TAMs are critical immune infiltrates in CRC. In general, they can be classified into two pools, namely, M1- and M2-like TAMs.45 While M1-like TAMs promote antitumor immune responses by regulating antigen presentation and secreting proinflammatory cytokines,46 M2-like TAMs promote tumor progression by inducing tumor growth, invasion, vascularization, and immune escape.47-51 The infiltration of M2-like TAMs in CRC tissue is an adverse prognostic factor for CRC patients.47, 52, 53 Our current study also identified the causative links between ILT5 expression and M2-like TAM infiltration, as illustrated by in vitro and in vivo studies. Since the total CD68+ TAMs was not altered by ILT5 modulation, we proposed that ILT5 might harness the polarization of TAMs towards M2-like phenotype, as revealed by high-resolution transcriptome sequencing of human macrophages.15, 16 These results provide another potential mechanism for ILT5-regulated tumor progression.
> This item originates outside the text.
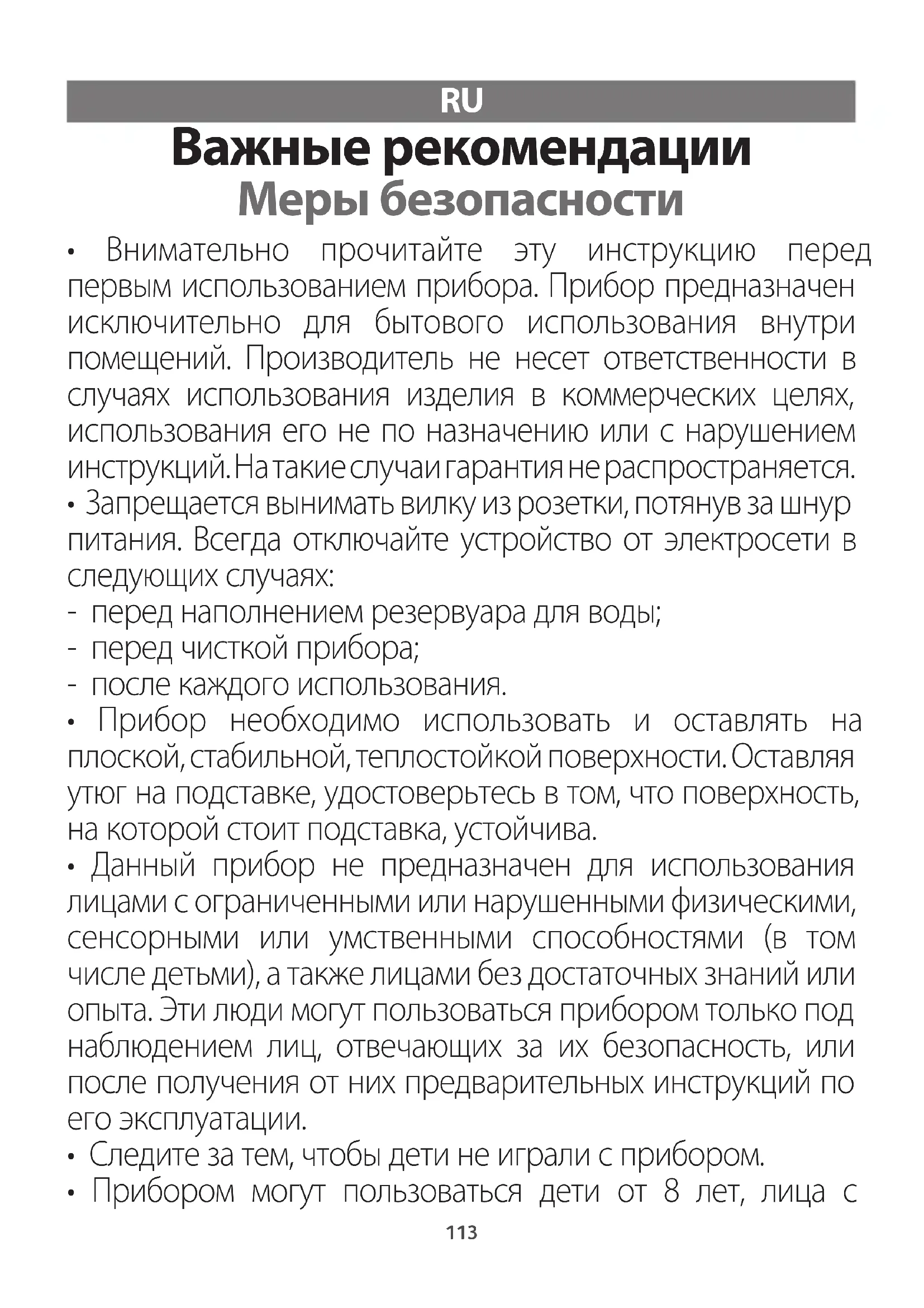- Прибором могут пользоваться дети от 8 лет, лица с114 недостаточным опытом и знаниями, а также лица с ограниченными или нарушенными физическими, сенсорными или умственными возможностями, находясь под наблюдением лиц, ответственных за их безопасность, получив от них предварительные инструкции относительно использования прибора и возможных рисков. Детям запрещается играть с прибором. Чистка и уход за прибором могут осуществляться детьми только под присмотром взрослых. Держите горячий или включенный в сеть утюг и провод вне досягаемости для детей младше 8 лет.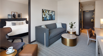 Rooms feature a pull-out sofa bed, work desk, chair and bathroom with a rainfall shower and oversized back-lit wall mirror. Additional amenities include a Keurig coffee maker and flat-screen TV with Staycast Sonifi streaming and Google Chromecast.

In summary, ILT5 is enriched in CRC cells, functioning as a negative prognostic biomarker. ILT5 inhibits the infiltration of CD3+ and CD8+ T cells and induces M2-like polarization of TAMs, creating immunosuppressive TME for CRC progression. ILT5 is a potential and novel immunotarget for CRC immunotherapy.
ACKNOWLEDGEMENTS
This work was supported by the 70th China Postdoctoral Science Foundation (2021M700054), the Shandong Provincial Natural Science Foundation (ZR202103040716, ZR2019MH042), the National Natural Science Foundation of China (82103340, 81902919), and the Jinan Science and Technology Development Program (201907110).
DISCLOSURE
The authors have no conflict of interest to declare. All authors have read the journal's authorship agreement. The manuscript has been reviewed by and approved by all named authors.